Furthermore, the cost/benefit tradeoff discussed above might differ among individuals. An 85-year-old with prostate cancer might have less willingness to undergo surgery to search for potentially positive lymph nodes than a 60-year-old. All of that argues against setting firm probability thresholds for individuals based solely on a model.

(1) The heart of this question is thus whether a probability model based on "a large dataset where the prevalence of lymph node metastasis was low (15%)" can be used in a "surgery consultation-hour (expected prevalence of Patients with lymph node metastasis = 30%)." That's a more complicated question about model calibration, in particular whether the logistic-regression intercept should be adjusted for that prevalence difference.

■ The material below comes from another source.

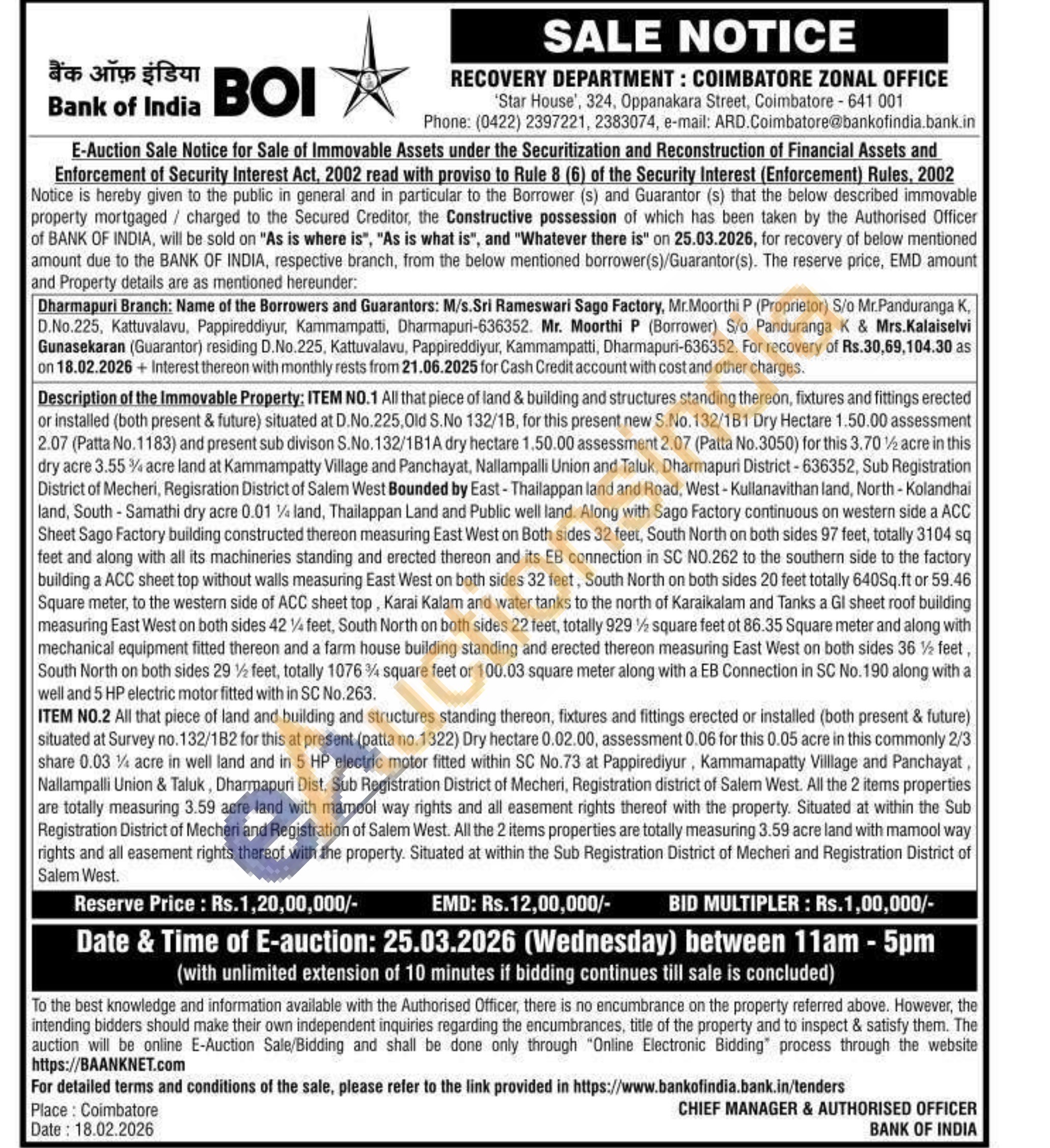 ITEM NO.1 All that piece of land & building and structures standing thereon, fixtures and fittings erected or installed (both present & future) situated at D.No.225, Old S.No 132/18, for this present new S.No. 132/1B1 Dry Hectare 1.50.00 assessment 2.07 (Patta No.1183) and present sub divison S.No. 132/1B1A dry hectare 1.50.00 assessment 2.07 (Patta No.3050) for this 3.701½ acre in this dry acre 3.55% acre land at Kammampatty Village and Panchayat, Nallampalli Union and Taluk, Dharmapuri District-636352, Sub Registration District of Mecheri, Regisration District of Salem West Bounded by East-Thailappan land and Road, West - Kullanavithan land, North - Kolandhai land, South-Samathi dry acre 0.01 % land, Thailappan Land and Public well land. Along with Sago Factory continuous on western side a ACC Sheet Sago Factory building constructed thereon measuring East West on Both sides 32 feet, South North on both sides 97 feet, totally 3104 sq feet and along with all its machineries standing and erected thereon and its EB connection in SC NO.262 to the southern side to the factory building a ACC sheet top without walls measuring East West on both sides 32 feet, South North on both sides 20 feet totally 640Sq.ft or 59.46 Square meter, to the western side of ACC sheet top, Karai Kalam and water tanks to the north of Karaikalam and Tanks a Gl sheet roof building measuring East West on both sides 42 14 feet, South North on both sides 22 feet, totally 929% square feet ot 86.35 Square meter and along with mechanical equipment fitted thereon and a farm house building standing and erected thereon measuring East West on both sides 36 ½ feet, South North on both sides 29% feet, totally 1076% square feet or 100.03 square meter along with a EB Connection in SC No.190 along with a well and 5 HP electric motor fitted with in SC No.263. ITEM NO.2 All that piece of land and building and structures standing thereon, fixtures and fittings erected or installed (both present & future) situated at Survey no. 132/182 for this at present (patta no. 1322) Dry hectare 0.02.00, assessment 0.06 for this 0.05 acre in this commonly 2/3 share 0.03% acre in well land and in 5 HP electric motor fitted within SC No.73 at Pappirediyur, Kammamapatty Village and Panchayat, Nallampalli Union & Taluk, Dharmapuri Dist, Sub Registration District of Mecheri, Registration district of Salem West. All the 2 items properties are totally measuring 3.59 acre land with mamool way rights and all easement rights thereof with the property. Situated at within the Sub Registration District of Mecheri and Registration of Salem West. All the 2 items properties are totally measuring 3.59 acre land with mamool way rights and all easement rights thereof with the property. Situated at within the Sub Registration District of Mecheri and Registration District of Salem West.

A logistic regression model for probability $p$ of a condition ($D$) as a function of covariates $X$

$$\log \frac {p}{1-p} = \alpha + \beta^T X $$

has an intercept $\alpha$ representing the log-odds of $D$ in the sampled population at a baseline situation when covariate values are 0 (or at reference levels for categorical predictors). (The answer from @Eoin explores the situation when populations differ in baseline prevalence.) The probability of $D$ given $X$ in that same population is:

$$ p(D|X) = \frac {\exp(\alpha + \beta^T X)}{1+\exp(\alpha + \beta^T X)}.$$

McCullagh and Nelder show (Section 4.3.3) a situation that might need adjustment of the intercept to take the sampled population into account. A retrospective study might evaluate all cases with $D$ but only a subset of those without the condition ($\bar D$). Then to estimate $p(D|X)$ with the above formula in the entire population, you need to adjust the intercept to $\alpha^*=\alpha + \log(\pi_0/\pi_1)$, where $\pi_0,\pi_1$ are the fractions of cases $D$ and non-cases $\bar D$ sampled, respectively. But they warn:

It is essential here that the sampling proportions depend only on $D$ and not on $X$.

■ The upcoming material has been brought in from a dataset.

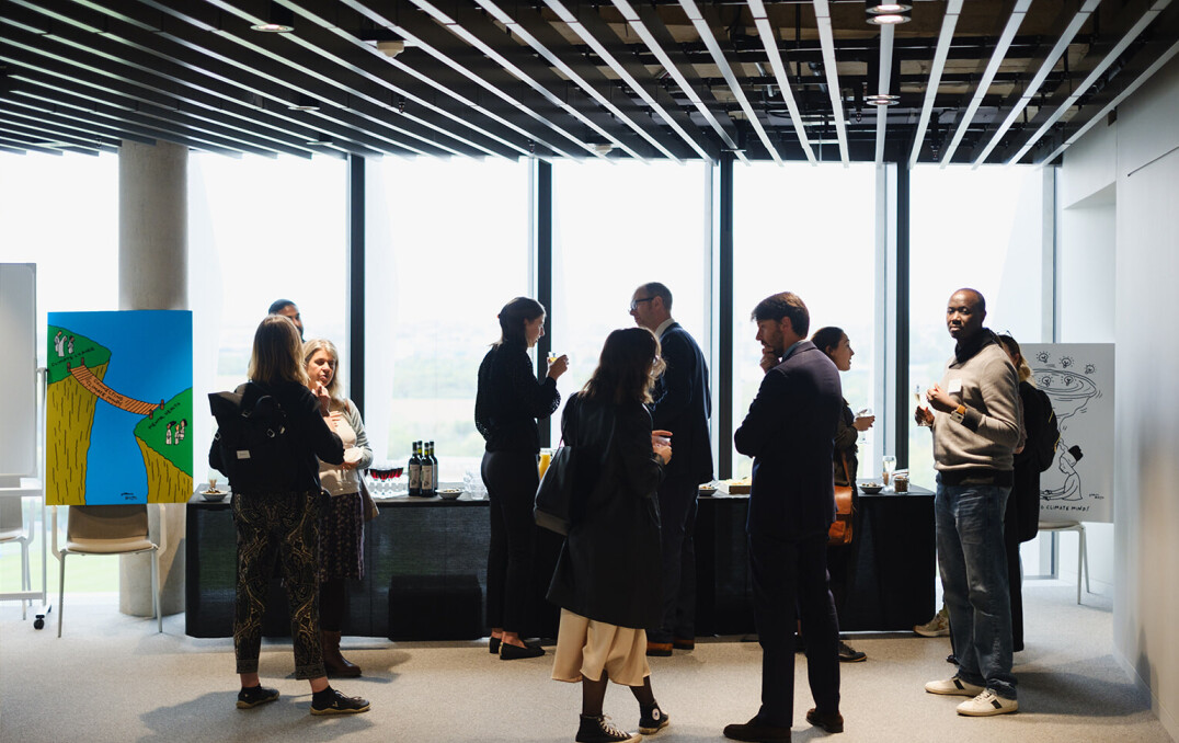 • People stand and chat at Climate Cares Centre launch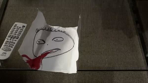 和录像带一起出现的,是一张诡异的手绘画。画作中,男孩口吐鲜血,像是在暗示什么不好的事情。

That's probably not the case in your example of positive-node probability in prostate cancer patients evaluated in a "surgery consultation-hour." Those patients were chosen in part because their covariate values $X$ (probably including PSA and age) indicate that they already are at higher risk of nodal spread than the overall population of prostate cancer patients.

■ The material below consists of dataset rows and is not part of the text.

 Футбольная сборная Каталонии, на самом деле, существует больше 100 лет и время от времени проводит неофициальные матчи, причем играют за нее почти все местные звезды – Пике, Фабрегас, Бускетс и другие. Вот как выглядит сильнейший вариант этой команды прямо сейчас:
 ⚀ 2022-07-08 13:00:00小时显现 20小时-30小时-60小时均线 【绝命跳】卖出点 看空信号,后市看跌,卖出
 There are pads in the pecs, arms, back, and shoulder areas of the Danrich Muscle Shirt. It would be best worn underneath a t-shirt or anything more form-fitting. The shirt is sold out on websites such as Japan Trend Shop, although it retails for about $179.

If the original probability model was properly calibrated for the overall population of prostate cancer patients (15% node-positive), the question is whether that overall population is adequately representative of your overall prostate cancer population. In part: is the probability of node-positivity at baseline covariate conditions in the original study similar to yours?

Patients discussed in the "surgery consultation-hour" presumably aren't at baseline covariate conditions. They were pre-selected based on suspected higher risk and thus should have higher expected node-positive probability. If the original model is well calibrated with respect to your overall prostate cancer population, there should be no problem applying it to this pre-selected higher-risk subset.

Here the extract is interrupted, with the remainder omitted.